**DATA PROVIDED:**
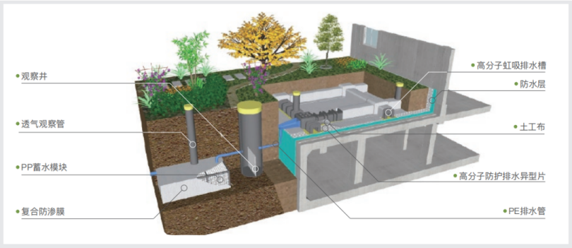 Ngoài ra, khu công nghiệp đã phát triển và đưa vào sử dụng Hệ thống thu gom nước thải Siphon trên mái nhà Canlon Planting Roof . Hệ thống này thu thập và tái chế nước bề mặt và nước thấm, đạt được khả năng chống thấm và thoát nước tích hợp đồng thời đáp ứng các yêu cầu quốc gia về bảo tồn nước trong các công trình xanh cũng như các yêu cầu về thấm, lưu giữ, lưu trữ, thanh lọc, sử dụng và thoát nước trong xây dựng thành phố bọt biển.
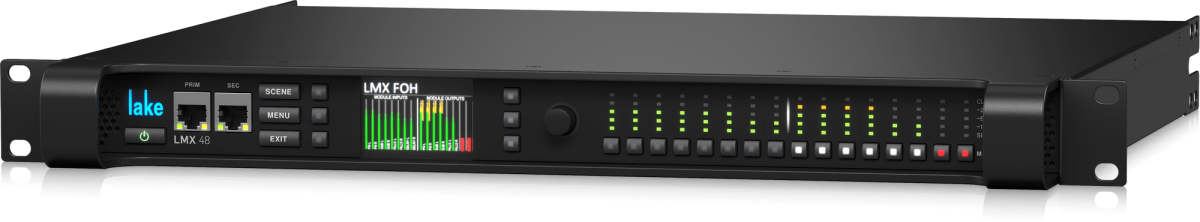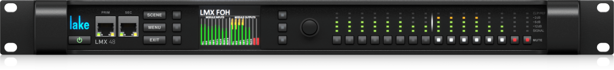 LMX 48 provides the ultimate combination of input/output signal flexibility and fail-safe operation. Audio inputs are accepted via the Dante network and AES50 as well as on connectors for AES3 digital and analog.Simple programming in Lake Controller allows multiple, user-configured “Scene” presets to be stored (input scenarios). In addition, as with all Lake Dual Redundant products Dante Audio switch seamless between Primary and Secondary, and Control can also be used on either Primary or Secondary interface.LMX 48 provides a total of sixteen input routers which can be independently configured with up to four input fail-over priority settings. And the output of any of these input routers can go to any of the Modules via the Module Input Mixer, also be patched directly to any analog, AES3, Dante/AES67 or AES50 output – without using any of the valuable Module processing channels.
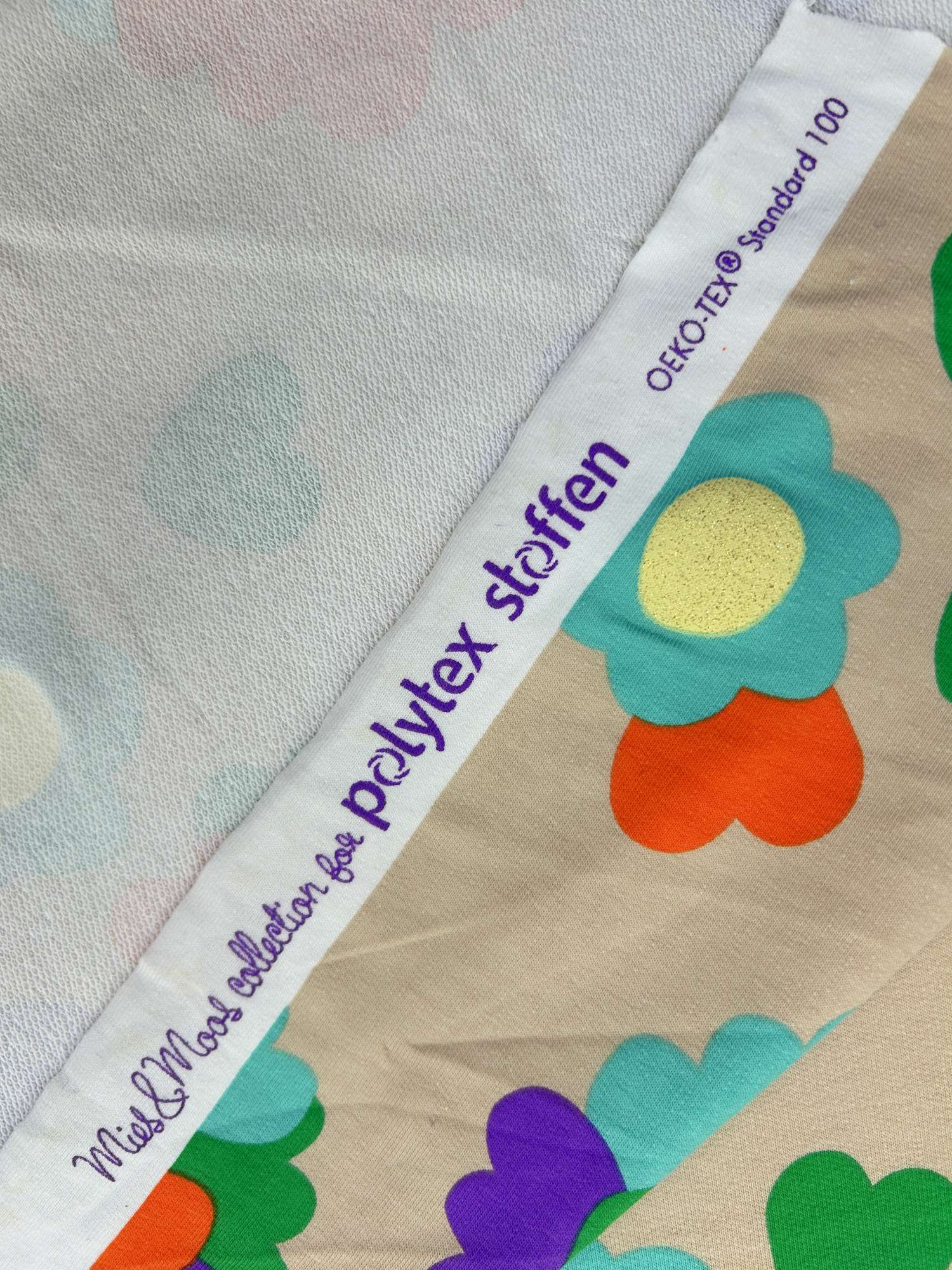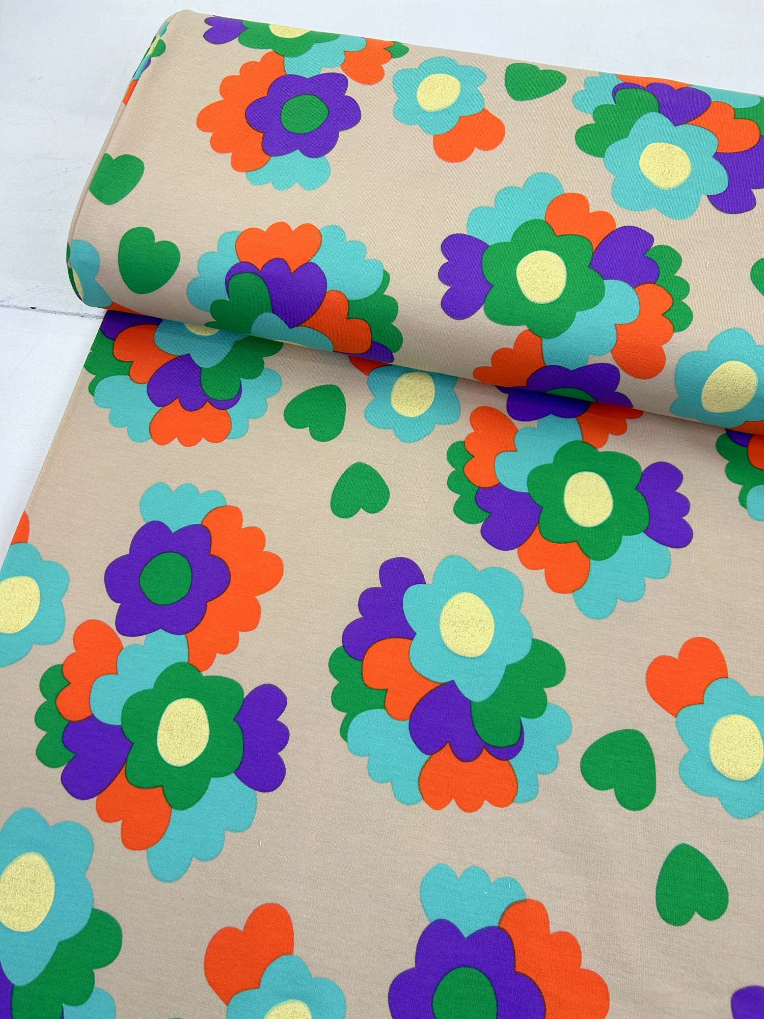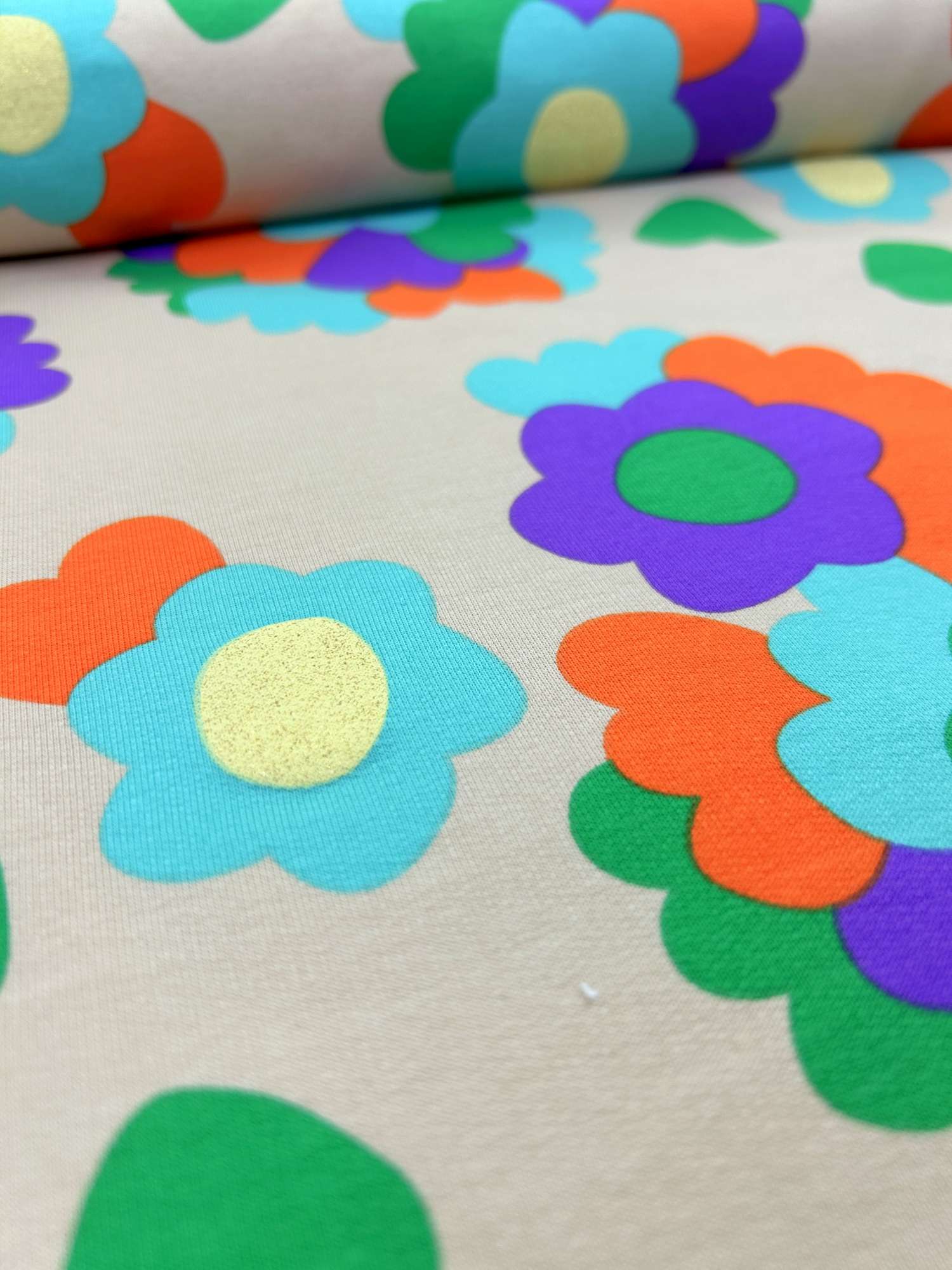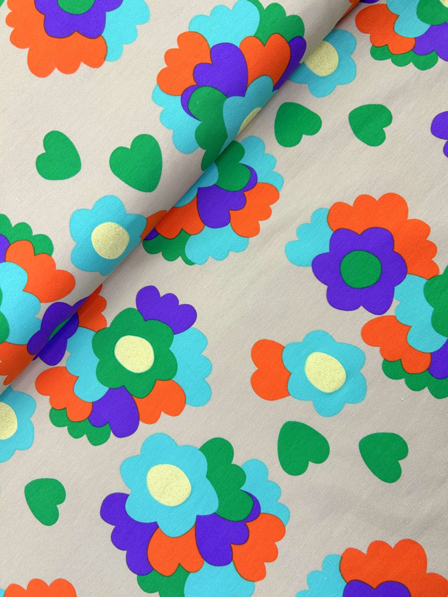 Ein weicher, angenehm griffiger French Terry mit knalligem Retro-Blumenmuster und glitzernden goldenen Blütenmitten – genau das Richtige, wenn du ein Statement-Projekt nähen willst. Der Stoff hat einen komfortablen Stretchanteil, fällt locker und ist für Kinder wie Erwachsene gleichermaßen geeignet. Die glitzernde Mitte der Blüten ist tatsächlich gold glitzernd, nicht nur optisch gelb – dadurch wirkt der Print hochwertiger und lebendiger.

**WHAT TO PRODUCE:**
Exactly as written, restate the lines above from the opening line through the one holding "LMX 48 provides the", omitting the pictures.

**PROBLEM SOLUTION:**
 Ngoài ra, khu công nghiệp đã phát triển và đưa vào sử dụng Hệ thống thu gom nước thải Siphon trên mái nhà Canlon Planting Roof . Hệ thống này thu thập và tái chế nước bề mặt và nước thấm, đạt được khả năng chống thấm và thoát nước tích hợp đồng thời đáp ứng các yêu cầu quốc gia về bảo tồn nước trong các công trình xanh cũng như các yêu cầu về thấm, lưu giữ, lưu trữ, thanh lọc, sử dụng và thoát nước trong xây dựng thành phố bọt biển.
 LMX 48 provides the ultimate combination of input/output signal flexibility and fail-safe operation. Audio inputs are accepted via the Dante network and AES50 as well as on connectors for AES3 digital and analog.Simple programming in Lake Controller allows multiple, user-configured “Scene” presets to be stored (input scenarios). In addition, as with all Lake Dual Redundant products Dante Audio switch seamless between Primary and Secondary, and Control can also be used on either Primary or Secondary interface.LMX 48 provides a total of sixteen input routers which can be independently configured with up to four input fail-over priority settings. And the output of any of these input routers can go to any of the Modules via the Module Input Mixer, also be patched directly to any analog, AES3, Dante/AES67 or AES50 output – without using any of the valuable Module processing channels.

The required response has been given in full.